Supplied data:
# # #

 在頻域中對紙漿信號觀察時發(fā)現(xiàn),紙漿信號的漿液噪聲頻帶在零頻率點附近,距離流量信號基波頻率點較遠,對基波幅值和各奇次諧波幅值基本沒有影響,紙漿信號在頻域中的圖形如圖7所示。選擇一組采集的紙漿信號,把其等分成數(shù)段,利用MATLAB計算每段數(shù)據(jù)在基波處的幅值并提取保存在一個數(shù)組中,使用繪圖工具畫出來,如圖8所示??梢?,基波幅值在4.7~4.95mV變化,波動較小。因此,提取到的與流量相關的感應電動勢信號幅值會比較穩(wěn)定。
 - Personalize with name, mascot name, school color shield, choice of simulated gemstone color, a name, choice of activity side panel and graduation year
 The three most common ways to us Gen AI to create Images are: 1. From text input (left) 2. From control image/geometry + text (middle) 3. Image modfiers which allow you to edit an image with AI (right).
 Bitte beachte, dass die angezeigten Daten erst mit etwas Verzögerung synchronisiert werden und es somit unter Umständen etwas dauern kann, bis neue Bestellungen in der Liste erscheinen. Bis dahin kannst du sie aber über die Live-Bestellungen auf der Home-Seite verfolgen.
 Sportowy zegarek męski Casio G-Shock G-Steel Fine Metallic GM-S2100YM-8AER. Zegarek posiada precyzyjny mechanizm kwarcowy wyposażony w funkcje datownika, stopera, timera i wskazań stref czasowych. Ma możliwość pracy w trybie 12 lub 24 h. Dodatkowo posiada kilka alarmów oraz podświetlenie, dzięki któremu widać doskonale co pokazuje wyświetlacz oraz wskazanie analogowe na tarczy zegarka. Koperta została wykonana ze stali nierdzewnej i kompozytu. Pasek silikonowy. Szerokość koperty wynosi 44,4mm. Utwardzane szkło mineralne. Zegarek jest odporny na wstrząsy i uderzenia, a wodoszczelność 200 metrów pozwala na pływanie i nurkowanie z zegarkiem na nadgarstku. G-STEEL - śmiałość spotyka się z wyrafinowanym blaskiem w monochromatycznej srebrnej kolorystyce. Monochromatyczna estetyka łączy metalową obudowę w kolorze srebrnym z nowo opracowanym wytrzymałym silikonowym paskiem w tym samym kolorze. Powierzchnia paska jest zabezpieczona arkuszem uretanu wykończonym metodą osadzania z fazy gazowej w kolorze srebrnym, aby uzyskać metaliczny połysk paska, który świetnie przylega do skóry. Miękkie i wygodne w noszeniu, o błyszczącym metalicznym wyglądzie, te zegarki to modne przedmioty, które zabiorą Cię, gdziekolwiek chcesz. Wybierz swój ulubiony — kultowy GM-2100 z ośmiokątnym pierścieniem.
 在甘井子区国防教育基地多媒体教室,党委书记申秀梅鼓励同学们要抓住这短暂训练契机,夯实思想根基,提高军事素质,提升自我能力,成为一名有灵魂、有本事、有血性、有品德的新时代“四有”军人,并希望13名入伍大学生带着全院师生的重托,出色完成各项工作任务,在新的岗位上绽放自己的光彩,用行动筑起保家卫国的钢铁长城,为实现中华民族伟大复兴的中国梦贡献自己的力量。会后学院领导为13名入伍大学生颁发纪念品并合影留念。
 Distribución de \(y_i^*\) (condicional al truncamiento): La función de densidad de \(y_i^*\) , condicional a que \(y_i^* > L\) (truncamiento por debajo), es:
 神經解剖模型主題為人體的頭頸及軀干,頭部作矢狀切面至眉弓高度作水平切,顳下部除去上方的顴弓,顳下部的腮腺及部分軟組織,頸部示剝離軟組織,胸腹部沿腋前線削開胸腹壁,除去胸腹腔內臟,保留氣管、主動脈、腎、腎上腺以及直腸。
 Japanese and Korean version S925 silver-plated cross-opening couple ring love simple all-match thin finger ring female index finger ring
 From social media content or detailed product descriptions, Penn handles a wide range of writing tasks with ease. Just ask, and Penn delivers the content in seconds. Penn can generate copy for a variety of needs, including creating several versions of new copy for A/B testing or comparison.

# # #

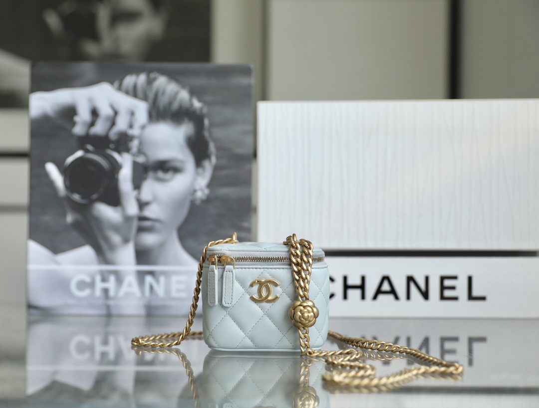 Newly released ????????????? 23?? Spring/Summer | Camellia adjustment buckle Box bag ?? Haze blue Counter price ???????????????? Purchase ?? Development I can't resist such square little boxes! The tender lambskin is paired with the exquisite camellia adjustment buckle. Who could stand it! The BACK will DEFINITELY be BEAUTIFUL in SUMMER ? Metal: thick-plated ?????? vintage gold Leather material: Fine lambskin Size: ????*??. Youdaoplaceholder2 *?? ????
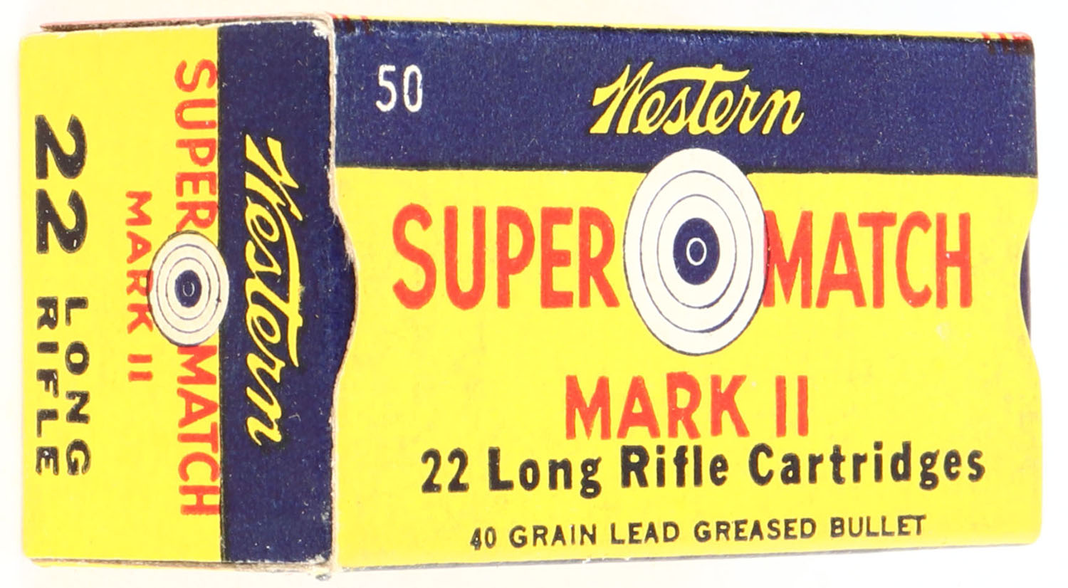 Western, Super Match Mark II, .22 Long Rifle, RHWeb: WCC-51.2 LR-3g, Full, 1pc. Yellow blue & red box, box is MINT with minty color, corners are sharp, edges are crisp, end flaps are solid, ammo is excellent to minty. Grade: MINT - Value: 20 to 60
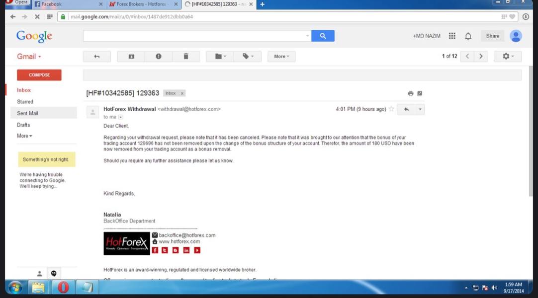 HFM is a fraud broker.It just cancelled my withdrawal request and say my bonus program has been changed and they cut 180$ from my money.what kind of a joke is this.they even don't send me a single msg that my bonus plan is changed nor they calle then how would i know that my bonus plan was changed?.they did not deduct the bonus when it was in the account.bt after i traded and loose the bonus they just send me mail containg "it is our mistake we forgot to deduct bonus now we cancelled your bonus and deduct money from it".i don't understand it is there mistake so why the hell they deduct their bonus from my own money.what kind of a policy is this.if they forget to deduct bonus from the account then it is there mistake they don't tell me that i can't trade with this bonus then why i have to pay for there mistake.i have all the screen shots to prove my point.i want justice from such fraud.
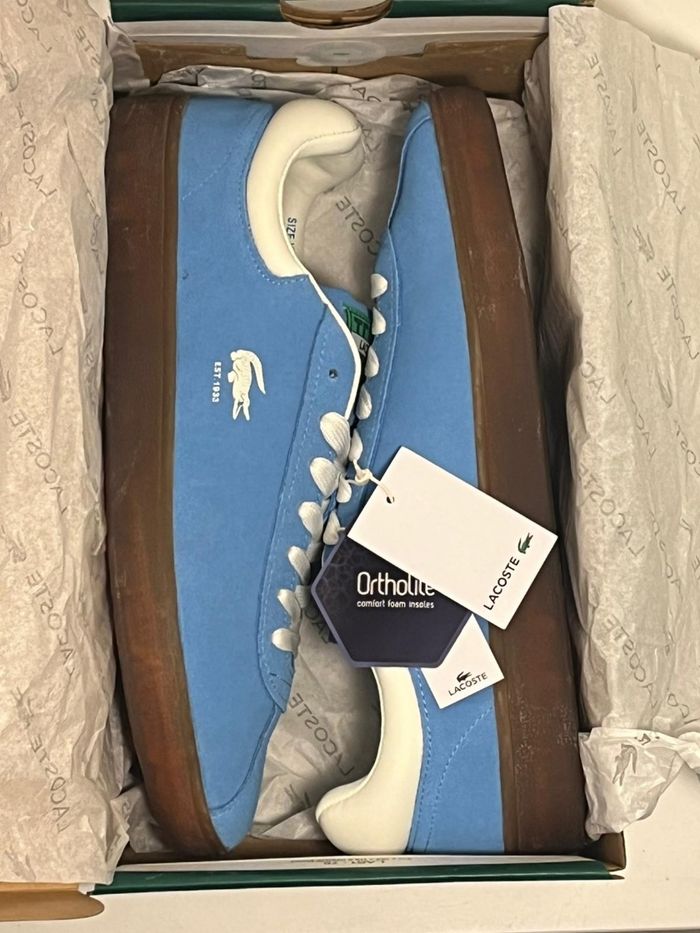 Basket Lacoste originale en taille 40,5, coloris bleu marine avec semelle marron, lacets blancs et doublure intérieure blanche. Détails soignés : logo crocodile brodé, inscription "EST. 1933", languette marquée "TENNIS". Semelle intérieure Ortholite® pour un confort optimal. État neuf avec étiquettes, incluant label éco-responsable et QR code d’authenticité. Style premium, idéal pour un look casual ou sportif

# # #

Work to complete: Retype exactly the lines above, from the one with "在頻域中對紙漿信號觀察時發(fā)現(x" through the one with "- Personalize with", inclusive.

Exercise response:
 在頻域中對紙漿信號觀察時發(fā)現(xiàn),紙漿信號的漿液噪聲頻帶在零頻率點附近,距離流量信號基波頻率點較遠,對基波幅值和各奇次諧波幅值基本沒有影響,紙漿信號在頻域中的圖形如圖7所示。選擇一組采集的紙漿信號,把其等分成數(shù)段,利用MATLAB計算每段數(shù)據(jù)在基波處的幅值并提取保存在一個數(shù)組中,使用繪圖工具畫出來,如圖8所示??梢?,基波幅值在4.7~4.95mV變化,波動較小。因此,提取到的與流量相關的感應電動勢信號幅值會比較穩(wěn)定。
 - Personalize with name, mascot name, school color shield, choice of simulated gemstone color, a name, choice of activity side panel and graduation year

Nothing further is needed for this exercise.